OCCは銀行の規制を担当する連邦行政機関で、最新のガイダンスで、「ステーブルコインの発行者がその裏付け資産を銀行に預けることを希望する場合があるため、連邦公認銀行が保管できるよう許可する」、としている。

一方、保管できる対象は、ステーブルコインと1:1の比率として利用される単一の法定通貨に限られ、銀行が毎日、裏付け資金の残高が流通するステーブルコインの数と同額もしくはそれより多いことを確認する必要があるという。また、保管サービスを提供する銀行は資金洗浄対策、KYCルールおよび証券法を遵守しなければならない。

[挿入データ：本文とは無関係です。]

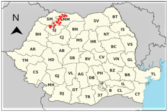 Soil, cane, and leave samples of grapevine were collected from Baia Mare, Baia Sprie and surrounding areas (Simleul Silvaniei) (Figure 1) during the vegetation period in May 2012. Soil samples were collected at the depth of 0–20, 20–40, 40–60 and 60–80 cm at the vineyard. Grapes of Feteasca alba, Feteasca regala, and Italian Riesling varieties were sampled one week before harvesting in August 2012. Roots (diameters <2.5 mm and >2.5 mm), canes (50–70 cane pieces of 25 cm), and leaves (50–70 fully-developed leaves from the middle part of the one-year old cane) were also collected. After removing damaged plant materials, samples were placed in sealed plastic bags and were immediately transported to the laboratory. Plant materials and soil samples were carefully processed to avoid chemical and physical interactions and analyzed by Inductively Coupled Plasma Mass Spectrometry (ICP-MS) Waltham, Massachusetts, SUA (see the Supplementary Materials).
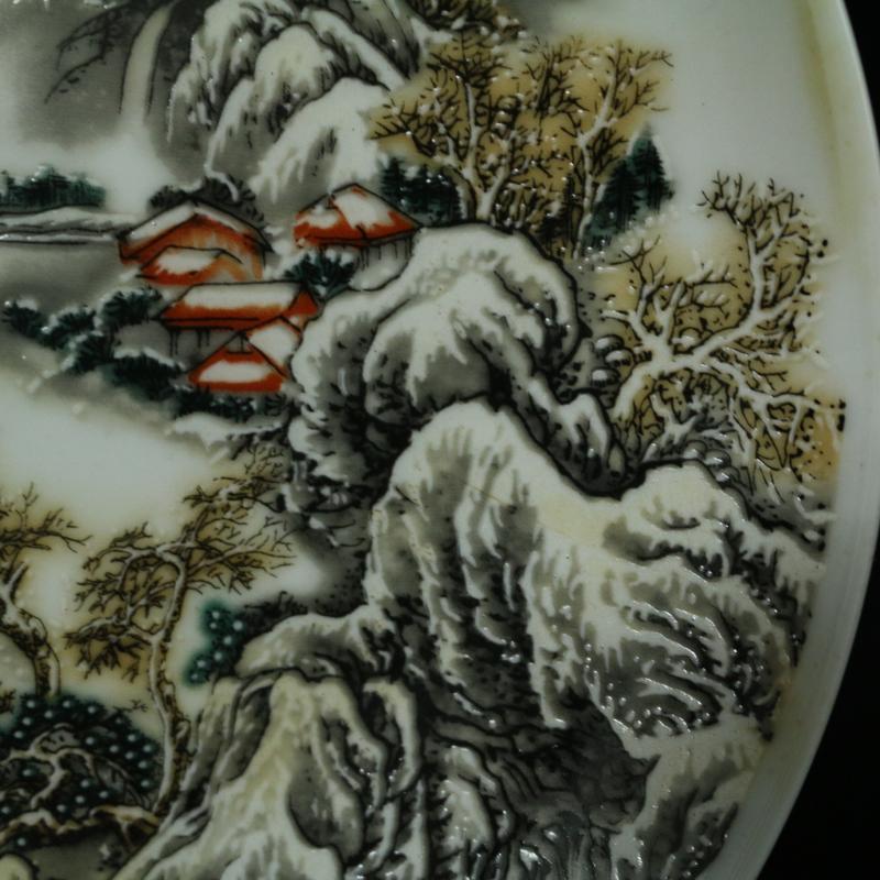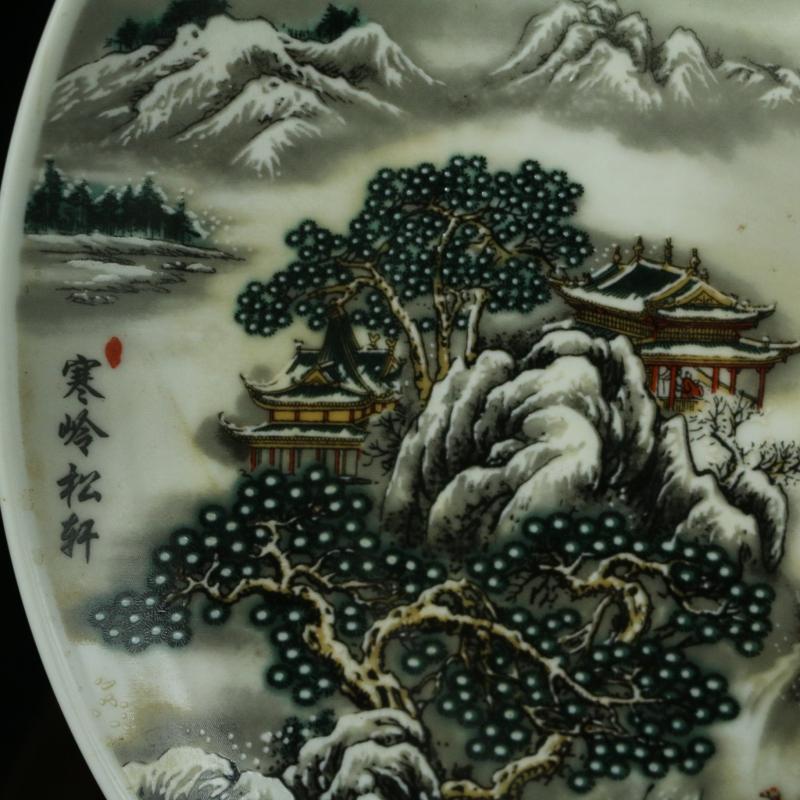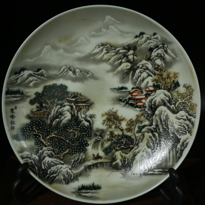 清 乾隆年制素三彩山水盤 仿古瓷器 古董古玩 家居擺件精品1入
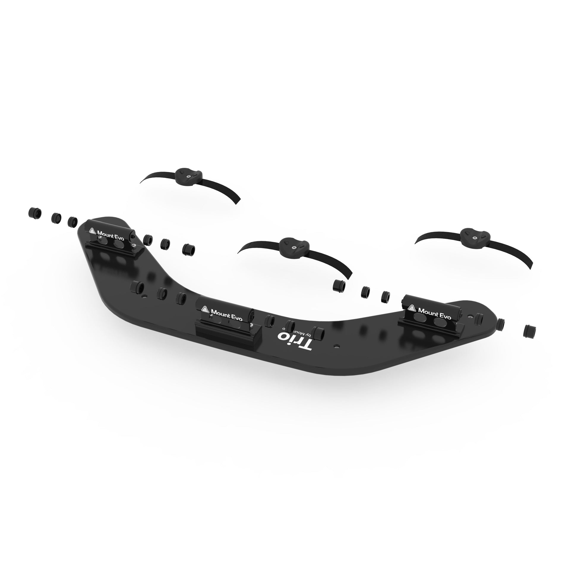 Trio Modular Base includes everything you need to mount three bikes except vacuum cups. You must already own one or more Mount Evo vacuum cups to buy a modular base.
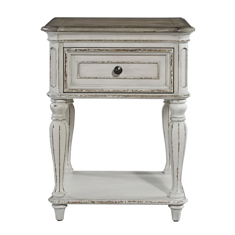 Blending of European influences makes this nightstand a truly unique style for any living space. Warm antique finishes and artistic distressing along with grand scale a group to be passed to generations.
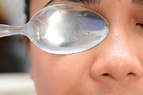 Thứ hai, hãy sử dụng nước lạnh để làm lạnh muỗng, tránh sử dụng nước đá vì dễ gây tổn thương cho vùng da quanh mắt.
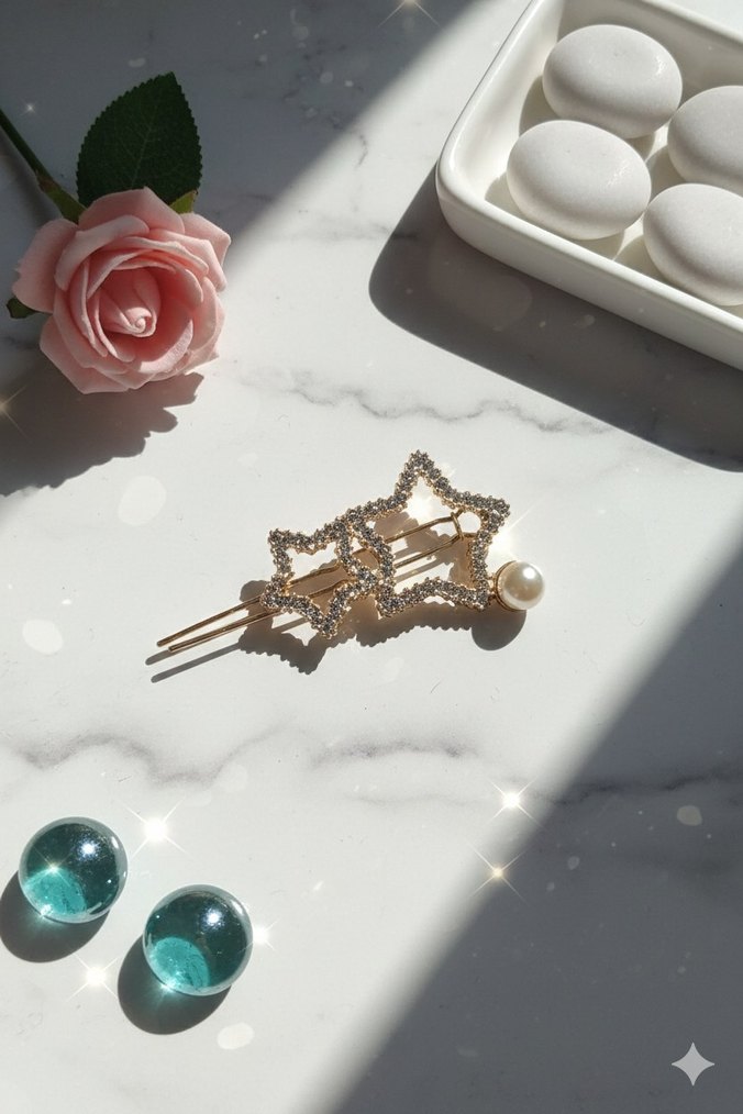 Altın renkli metal saç tokası, payetli yıldız figürü ve inci detayıyla modern klasik ve gösterişli şıklık sunar. ✨
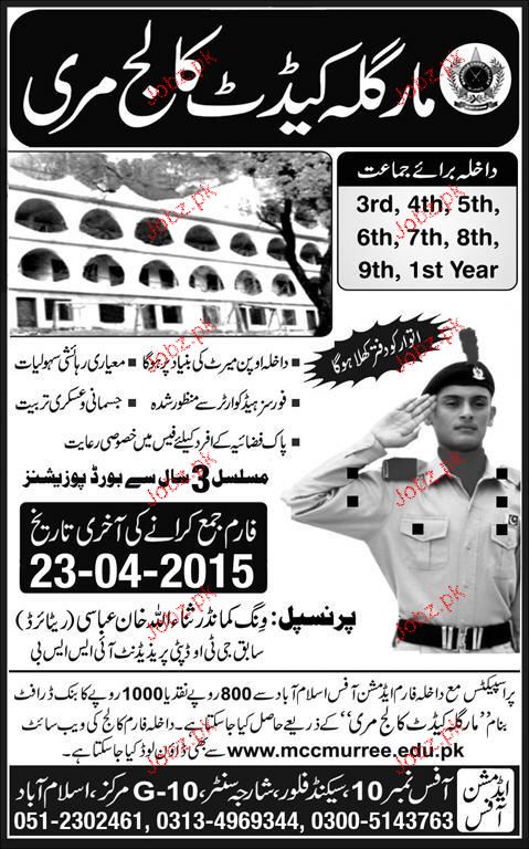 Margalla Cadet College Muree Admission in Class in III to XI in Murree. Read newspaper ad for exact details.
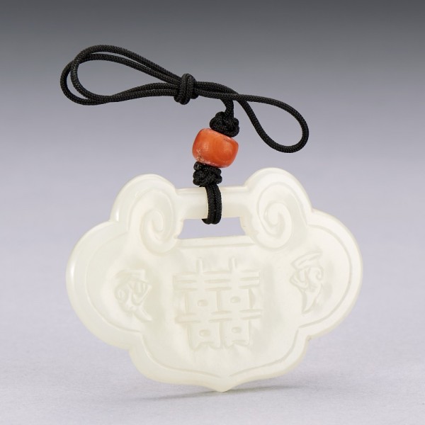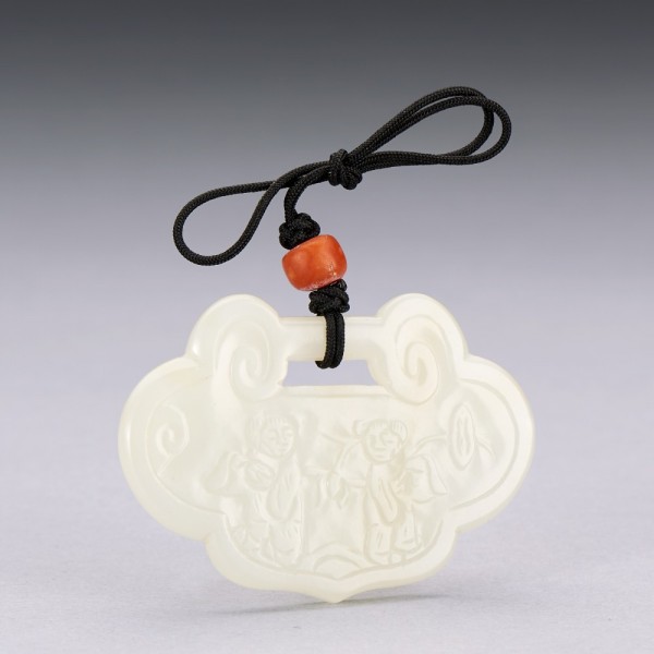 A WHITE JADE 'HEHE ERXIAN' LOCK-FORM PLAQUE

一部のステーブルコイン発行企業はすでに銀行を利用し、裏付け資金を預けているが、これまで全国規模では明確なガイダンスはなかった。業界はOCCの方針を歓迎しているようだ。

OCCの責任者Brian Brooksは公式声明でこのようにコメントした。

一部の連邦公認銀行は現在、1日あたり数十億ドルのトランザクションが行われるステーブルコインの関連業務に関わっている。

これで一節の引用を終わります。